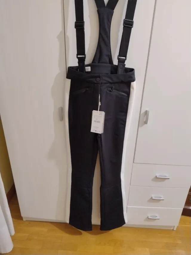 Pantalón de esquí de Zara en talla S. Diseño moderno y funcional. Con tirantes y tecnología Recco - Color negro. - Tirantes ajustables. - Bolsillos con cremallera.
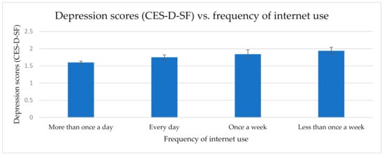 Mean depression scores (w/standard errors) vs. frequency of internet use. A significant main effect of frequency was observed (p = 0.01), and there was a significant difference between the most and least frequent users (p < 0.001).
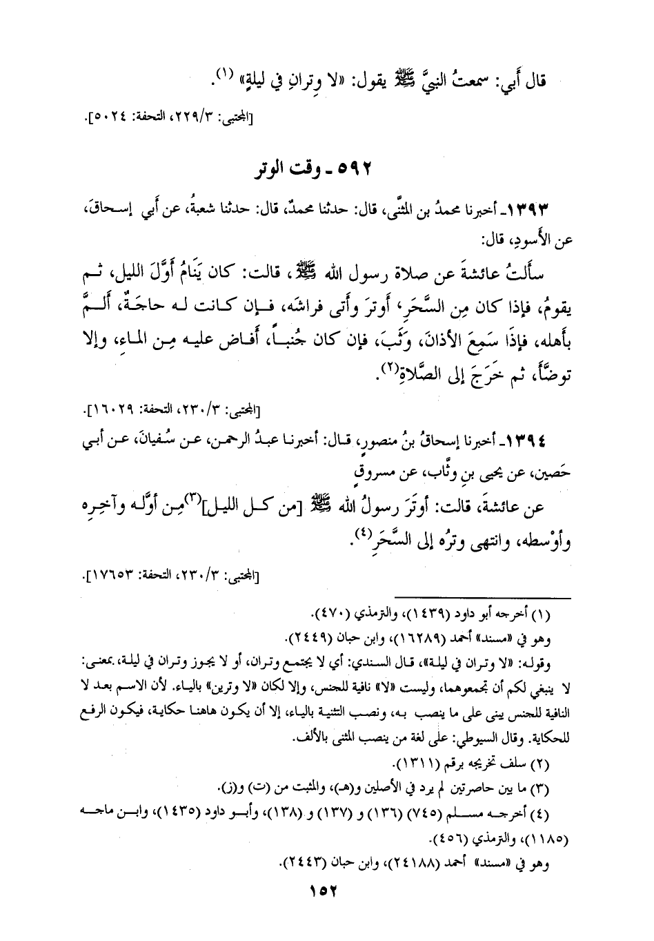 1394 - أَخْبَرَنَا إِسْحَاقُ بْنُ مَنْصُورٍ، قَالَ أَخْبَرَنَا عَبْدُ الرَّحْمَنِ، عَنْ سُفْيَانَ، عَنْ أَبِي حَصِينٍ، عَنْ يَحْيَى بْنِ وَثَّابٍ، عَنْ مَسْرُوقٍ، عَنْ عَائِشَةَ، قَالَتْ: «§أَوْتَرَ رَسُولُ اللهِ صَلَّى اللهُ عَلَيْهِ وَسَلَّمَ مِنْ كُلِّ اللَّيْلِ، مِنْ أَوَّلِهِ وَآخِرِهِ وَأَوْسَطِهِ، وَانْتَهَى وِتْرُهُ إِلَى السَّحَرِ»
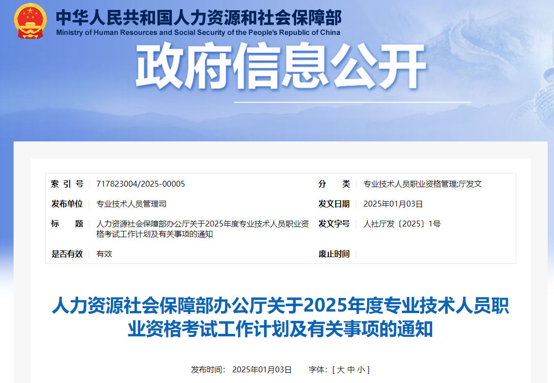 為做好專業(yè)技術(shù)人員職業(yè)資格考試規(guī)劃和管理工作,便于廣大專業(yè)技術(shù)人員參加職業(yè)資格考試,經(jīng)商有關(guān)部門同意,現(xiàn)就2025年度專業(yè)技術(shù)人員職業(yè)資格考試工作計(jì)劃及有關(guān)事項(xiàng)通知如下:
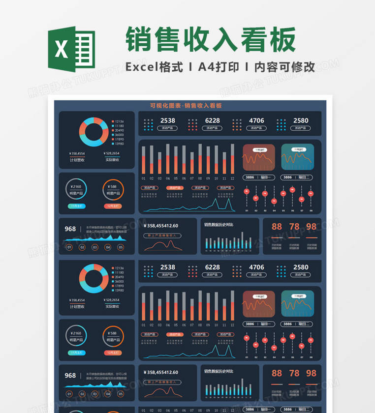 本作品内容为可视化图表-销售收入看板Execl模板, 格式为 xlsx, 大小1 MB, 请使用软件Excel(2016)打开, 作品中主体文字及图片可替换修改,文字修改可直接点击文本框进行编辑,图片更改可选中图片后单击鼠标右键选择更换图片,也可根据自身需求增加和删除作品中的内容, 源文件无水印, 欢迎使用。 如认为平台内容涉嫌侵权,可通过邮件提出书面通知,我们将及时处理。

## Assigned task
Pictures should not appear; only the lines from the start of the listing above to the line containing "為做好專業(yè)技術(sh", both ends included, are to be repeated exactly.

## Exercise answer
 Pantalón de esquí de Zara en talla S. Diseño moderno y funcional. Con tirantes y tecnología Recco - Color negro. - Tirantes ajustables. - Bolsillos con cremallera.
 Mean depression scores (w/standard errors) vs. frequency of internet use. A significant main effect of frequency was observed (p = 0.01), and there was a significant difference between the most and least frequent users (p < 0.001).
 1394 - أَخْبَرَنَا إِسْحَاقُ بْنُ مَنْصُورٍ، قَالَ أَخْبَرَنَا عَبْدُ الرَّحْمَنِ، عَنْ سُفْيَانَ، عَنْ أَبِي حَصِينٍ، عَنْ يَحْيَى بْنِ وَثَّابٍ، عَنْ مَسْرُوقٍ، عَنْ عَائِشَةَ، قَالَتْ: «§أَوْتَرَ رَسُولُ اللهِ صَلَّى اللهُ عَلَيْهِ وَسَلَّمَ مِنْ كُلِّ اللَّيْلِ، مِنْ أَوَّلِهِ وَآخِرِهِ وَأَوْسَطِهِ، وَانْتَهَى وِتْرُهُ إِلَى السَّحَرِ»
 為做好專業(yè)技術(shù)人員職業(yè)資格考試規(guī)劃和管理工作,便于廣大專業(yè)技術(shù)人員參加職業(yè)資格考試,經(jīng)商有關(guān)部門同意,現(xiàn)就2025年度專業(yè)技術(shù)人員職業(yè)資格考試工作計(jì)劃及有關(guān)事項(xiàng)通知如下:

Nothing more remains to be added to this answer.